Water commission workers demand their pay. Water commission workers protest to demand bonus payments.

Staff bonuses unpaid, as is the electric bill

3,000 bonuses unpaid, thousands without water due to financial crisis in Guerrero

More than 3,000 municipal employees in Chilpancingo are waiting for their year-end bonuses amid a financial crisis that has also caused cuts to essential services in the Guerrero capital.

One of those is electricity: service has been cut off because of an overdue account with the electricity commission.

Disgruntled municipal workers took to the streets Monday to demand that Mayor Jesús Tejeda Vargas pay them the money they are owed. They said 3,200 employees hadn’t received their aguinaldos, or Christmas bonuses

One unhappy worker said that they usually receive the bonus between December 9 and 12 along with pay checks for the entire month, but this year only a payment for the first half of the month was forthcoming.

“In accordance with the law, the aguinaldo can be paid up until December 20 but by custom it’s always paid before the vacation period starts, the last work day was Friday and we don’t have the deposit,” Salvador Vargas Salguero said.

“We cannot allow them to further postpone the payment of this benefit because it’s a constitutional right . . .” he added.

Workers from the Chilpancingo Water and Sewer Commission (Capach) went on strike to demand their bonuses and reported that the Federal Electricity Commission (CFE) had cut off electricity to the organization because of a four-million-peso (US $205,000) debt.

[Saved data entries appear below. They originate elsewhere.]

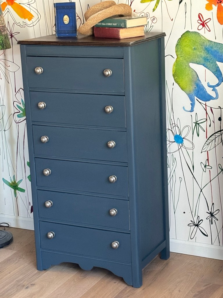 As Kelli was getting it ready, she commented on three drawer bottoms that were a bit dodgy. There had been a self adhesive sheet in the bottom that she removed to reveal a stained plywood floor panel.
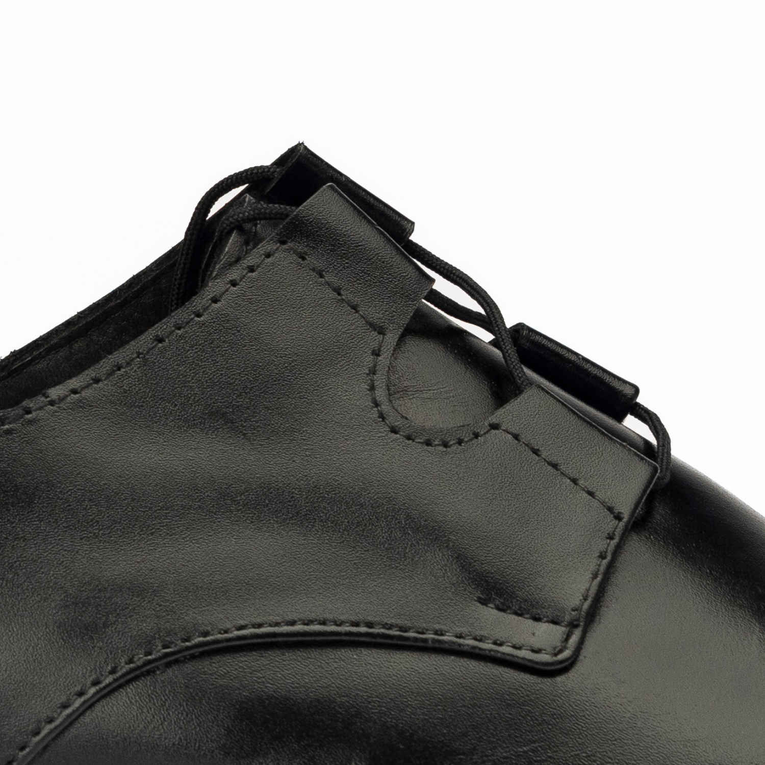 The Whitmer | Plain Toe Laces is a handcrafted Derby shoe, crafted from premium Italian black calf leather with a hand-painted finish and ghillie lacing. Featuring a durable Goodyear welted leather sole and a comfortable calf leather lining, these almond-toe Derbys blend timeless style with lasting comfort, ideal for formal and casual settings.
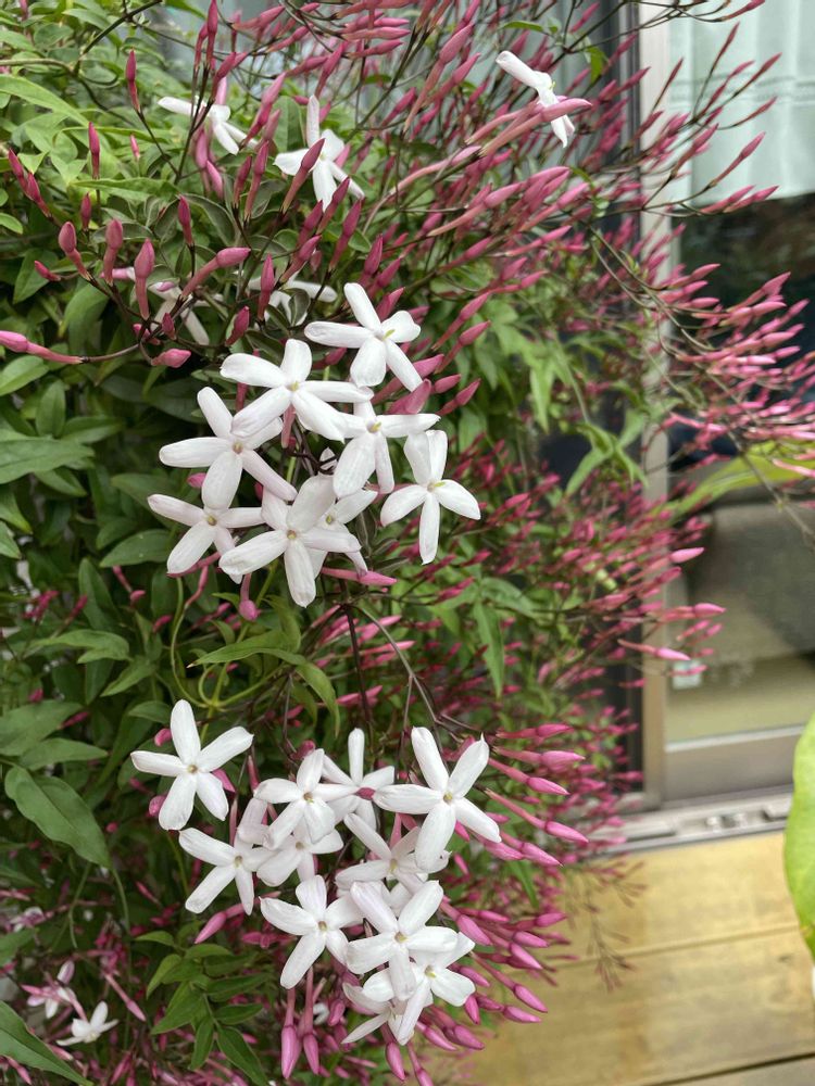 ハゴロモジャスミンの真っ赤な蕾に白い花が美しいです❤️❤️❤️🤍🤍🤍
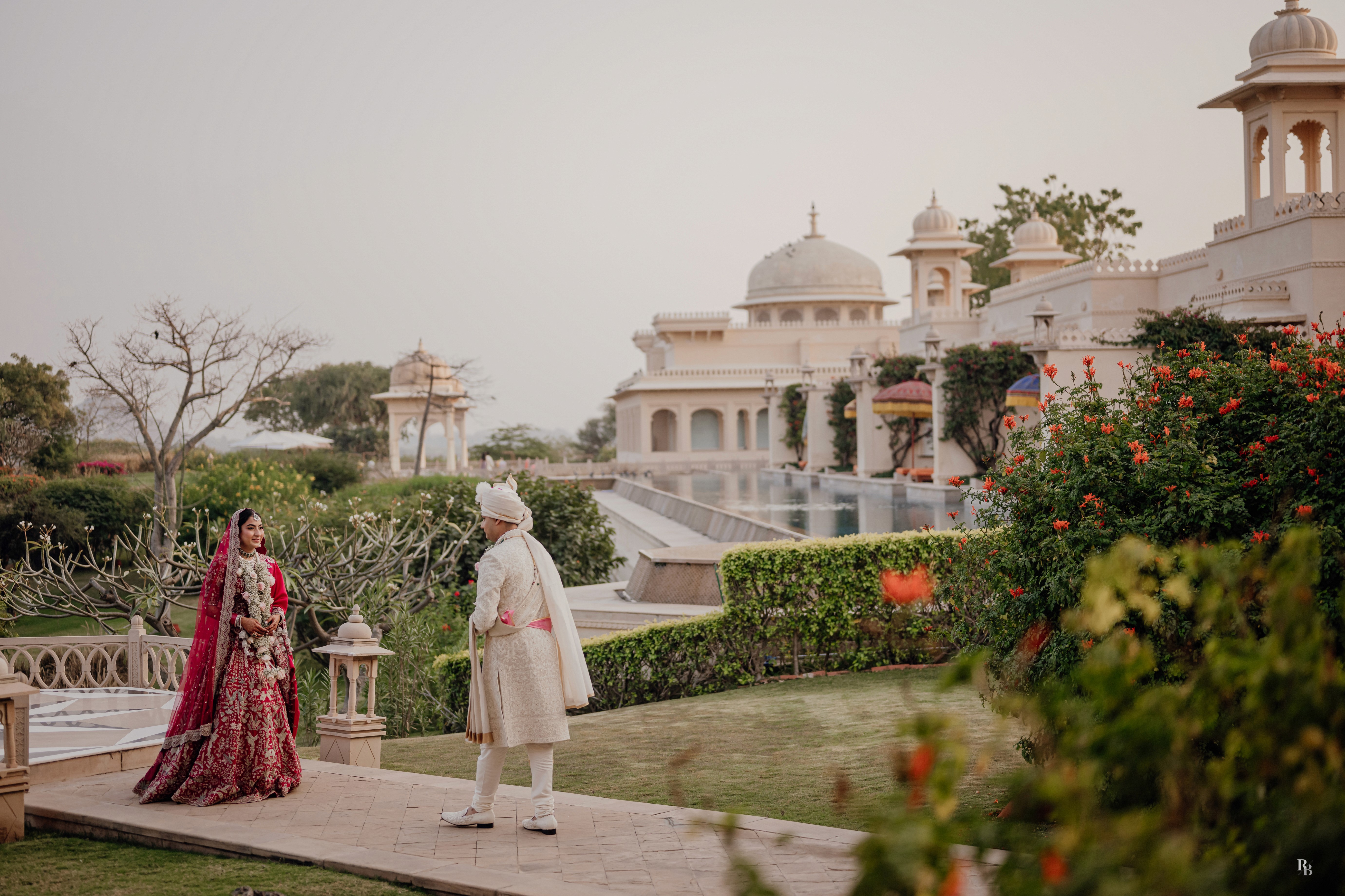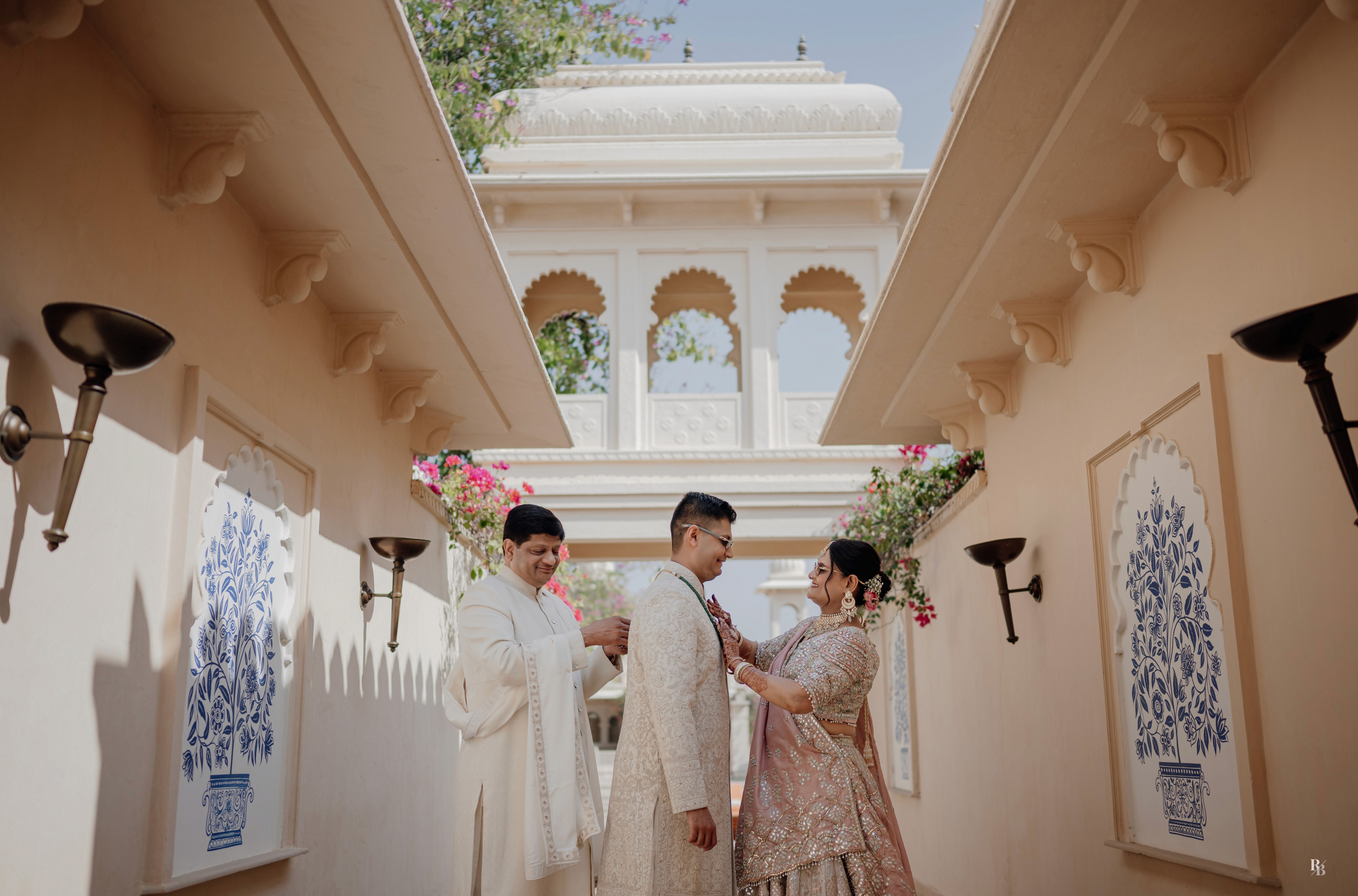 Every frame, every laugh, every glance spoke of a love that was not only celebrated but also deeply cherished. With golden courtyards, tranquil lakes, and centuries of heritage echoing in the background, their wedding felt like stepping into a living fairytale.
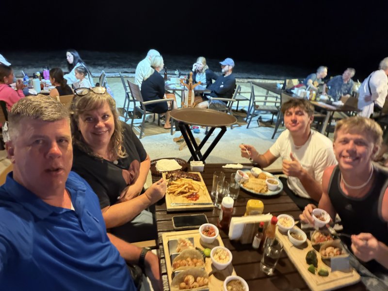 Sushi rolls, ceviche, fried fish, grilled fish, creations we had never even seen before. The flavors were incredible. The boys and I were starving after fishing all day, and we gave it our best effort. Eventually we had to surrender. We simply could not eat another bite....but the chef was not finished! So, we asked him to pack up the remaining dishes to go.
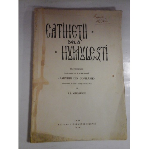 CATIHETII DELA HUMULESTI - I. I. MIRONESCU - Editura INSEMNARI IESENE, 1938 - 97 pag.
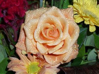 Keywords: rose blossom bloom flower nature bouquet plant petal spring flora valentine leaf bud green fresh garden color natural bunch raindrops on petals orange floral colorful bright blooming
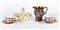 LOTTO composto da due TAZZE con piattini in porcellana stampigliata raffiguranti "scene neoclassiche", BROCCA maltese in porcellana e da CESTINO Luigi Filippo in porcellana bianca decorata a motivo floreale e lumeggiata in oro. XX secolo Misure: varie
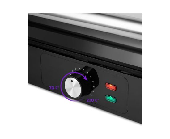 Гриль оснащен термостатом для поддержания температуры панелей, а также индикаторами питания и нагрева. С помощью регулятора температуры вы сможете плавно менять температуру приготовления.
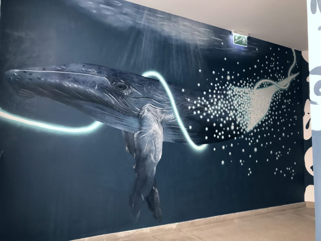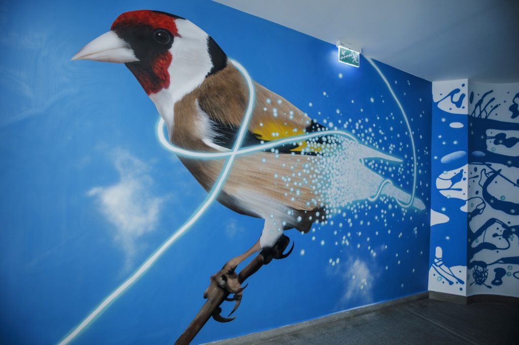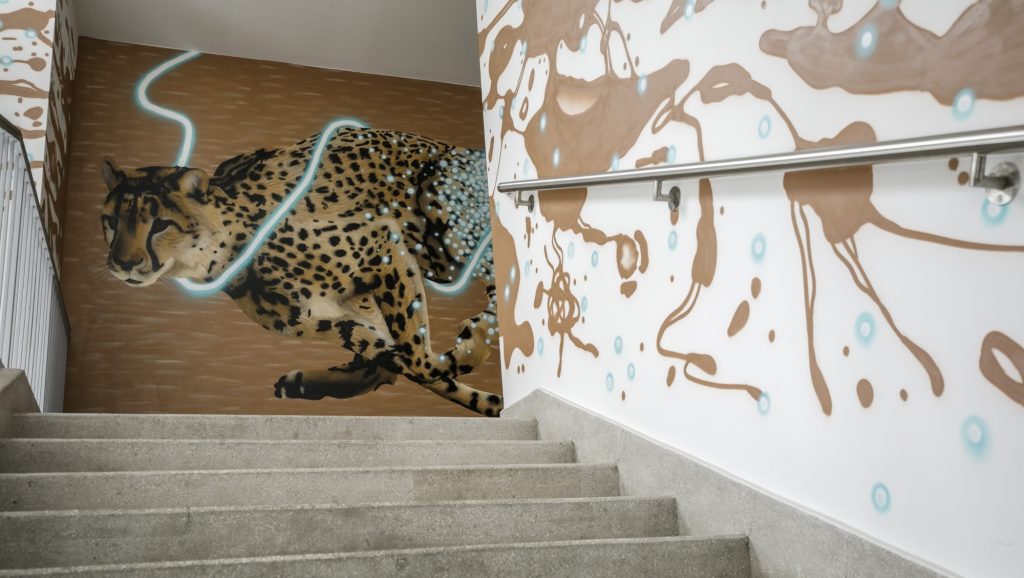 A négy festmény az első emeleti lépcsőfordulótól egészen a negyedikig egy-egy külön világba hívja az arra járókat. A lépcsőház négy szintje a tengerek mélyétől (cet) a szárazföldön (gepárd) át egészen az égig (tengelic) vezeti a szemlélőt, a legfelső emeleten pedig a családot és a digitalizáció fonalát kezében tartó embert láthatjuk.

A local union leader, Asunción Rodríguez Flores, said that thousands of city residents in 30 neighborhoods didn’t have any water at their homes as a result and they too have taken to the streets in protest.

Capach employees took over the commission’s facilities yesterday and also blocked a main avenue that passes behind the municipal hall. If they hadn’t received their benefits by the close of business today they were going to switch off the water supply to the whole city.

They too blame interim Mayor Tejeda Vargas of the Institutional Revolutionary Party (PRI) for the disaster.

Guerrero Governor Héctor Astudillo Flores said earlier in the week that he was aware of the problem affecting the municipality  and was willing to do what was necessary to resolve it.

However, according to the most recent media reports from earlier today, the workers still hadn’t received their benefits and the protests continued.